Aggressive Adoption Does Not Equal Efficient Adoption
Salesforce's case suggests that "aggressively adopting" AI tools enterprise-wide does not translate to responsible or well-planned deployment — with cost projections being off by a significant, even embarrassing, margin.
"At Salesforce, which has been aggressively adopting agentic coding throughout its engineering corps, its initial token budget turned out to be an almost absurd underestimate."
3. Companies Identified
| Company | Description | Why Mentioned | Quote |
|---|---|---|---|
| Salesforce | Enterprise software giant | Case study in aggressive, organization-wide agentic coding adoption that dramatically exceeded token budget projections | "Its initial token budget turned out to be an almost absurd underestimate." |
| Uber | Ride-sharing and technology platform | Named alongside Salesforce as a company investing heavily in agentic coding | "Salesforce & Uber are among those investing heavily." |
4. People Identified
| Person | Description | Why Mentioned | Quote |
|---|---|---|---|
| Tom Dotan | Reporter/author at Newcomer | Bylined author of the article | N/A — byline only |
| Eric Newcomer | Founder/editor of Newcomer newsletter | Publisher of the newsletter | N/A — masthead only |
Note: No additional individuals are named in the publicly available portion of the article.
5. Operating Insights
Budget Planning for Agentic AI Requires Order-of-Magnitude Conservatism
Salesforce's experience is a direct warning to any operator deploying AI coding agents at scale: standard budget estimation methods are likely to fall wildly short. Finance and engineering leaders need to build in significant cost buffers — or implement hard token caps — before broad rollouts.
"Its initial token budget turned out to be an almost absurd underestimate."
Measuring ROI on Agentic Coding Must Be Defined Before, Not After, Deployment
The "fierce debate" on ROI timing and methodology suggests most companies are deploying first and measuring later.
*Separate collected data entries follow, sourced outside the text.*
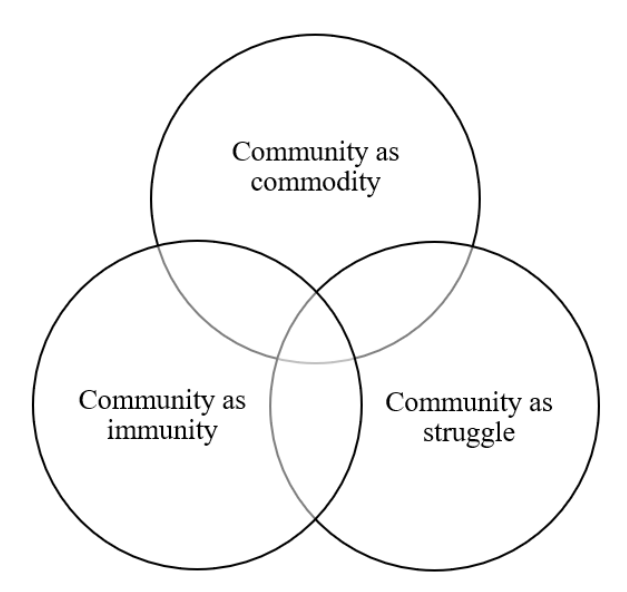
Figure 1. Alternative theoretical framework

When my mother left her hometown And inspired the rest of her family Everyone moved to Bogotá as well.
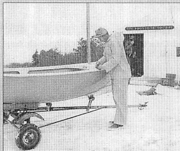
An unidentified Frostbiter preps his craft for sail. Behind him is the Frostbite headquarters, a battery shack behind Bayside Marine.

PART VI The Real Dig: Duxbury Shellfishing
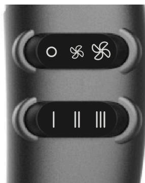
Fig./Img./Abb./Afb./ Rys./Obr. 2
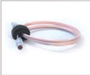
7 pin to 7 pin HD monitor cable, RGB/DATA 252-0116
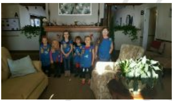
THANK YOU TO THE DIXON GIRL SCOUT TROOP #2189 FOR STOPPING BY AND VISITING WITH US. THEY HANDED OUT VERY SPECIAL VALENTINE'S CARDS. WE HOPE TO SEE YOU ALL SOON
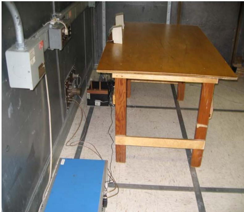
Photo 2 : Test Setup for Conducted Emissions Radiated Emissions – Home Stand
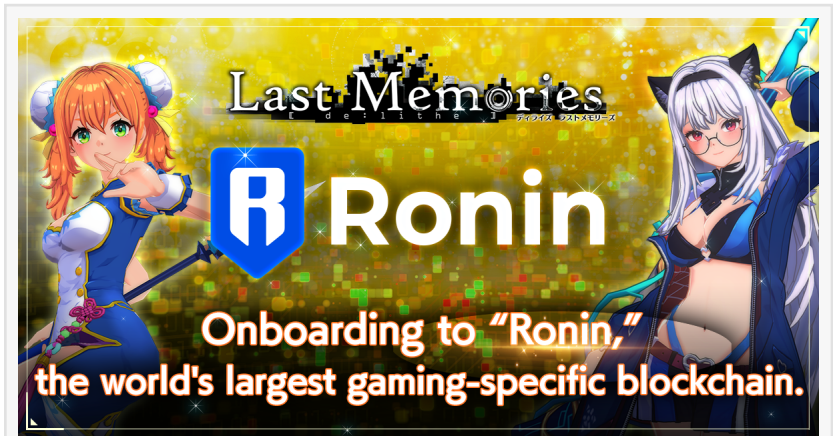
De:Lithe Last Memories

Since its global release on August 15, 2024, the game has reached #1 in the game category on both the Apple Store and Google Play, with over 500,000 downloads. As a blockchain game, it sold out NFTs worth over 150 million yen in pre-sales before the release date, and has sold
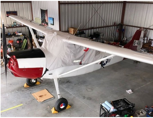
Cessna Bird Dog, L-19, O-1, 305 Canopy Cover, Over-Top Type
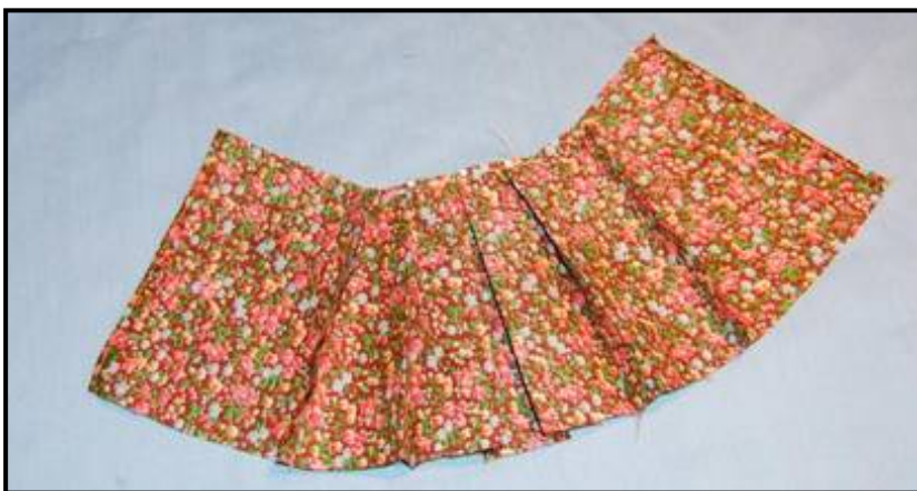
The side seams sewn, and the pleats sewn down in place. I haven't yet done the zig-zag stitch over the side seams in this picture. I have hemmed the backs narrowly.

14. Sew and gather the little gather stitched areas in the skirt backs. The pattern shows them.
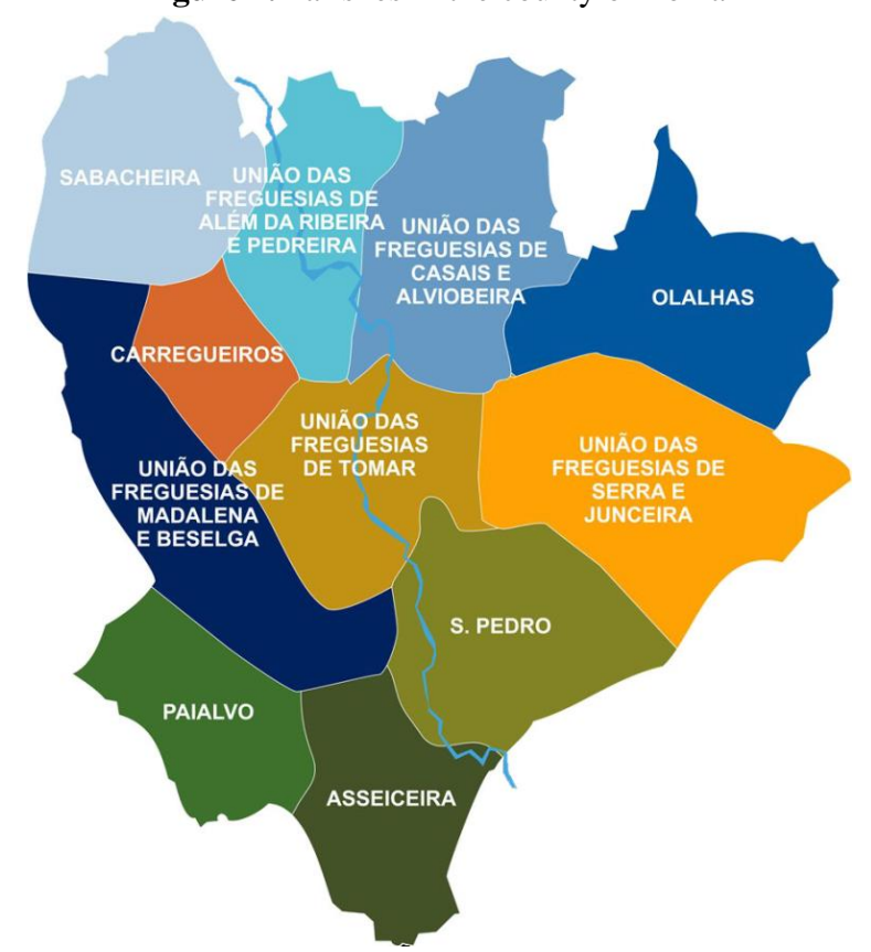
Figure 1. Parishes in the county of Tomar

Madalena and Beselga, Olalhas, Paialvo, Sabacheira, São Pedro de Tomar, Serra and Junceira and Tomar (São João Batista and Santa Maria dos Olivais).
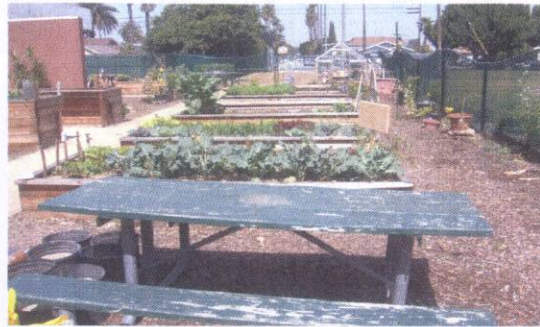
PEACE GARDEN crops are ready for harvesting

Operators who define success metrics — lines of code shipped, bugs reduced, engineer hours saved — upfront will be better positioned to justify continued spend or course-correct.
"A fierce debate is roiling the industry on when & how to measure ROI."
6. Overlooked Insights
"Tokenmaxxing" as a Named, Recognized Practice
The term "tokenmaxxing" appearing in the headline implies this was an identified, widespread behavior — not just accidental overspend. This suggests a cultural norm in engineering teams of deliberately maximizing token usage, which has meaningful implications for AI infrastructure vendors who may have been pricing and capacity-planning around that behavior continuing.
"'Tokenmaxxing' Starts to Fade as Companies Eye Agentic Coding Costs."
The ROI Debate Has Investor-Level Stakes, Not Just Operational Ones
The article explicitly flags that the ROI question is "crucial for investors" — not just operators. This implies that the answer to whether agentic coding delivers measurable value will have downstream effects on valuations of AI tooling companies, not just enterprise IT budgets.
"A crucial question for investors and companies across the industry who are counting on the current surge in demand to be a new normal."
⚠️ Limitations: This article is behind a paywall. The full analysis — including specific data points, additional company examples, expert quotes, and the complete ROI debate — is inaccessible. The insights above are drawn exclusively from the publicly visible introduction.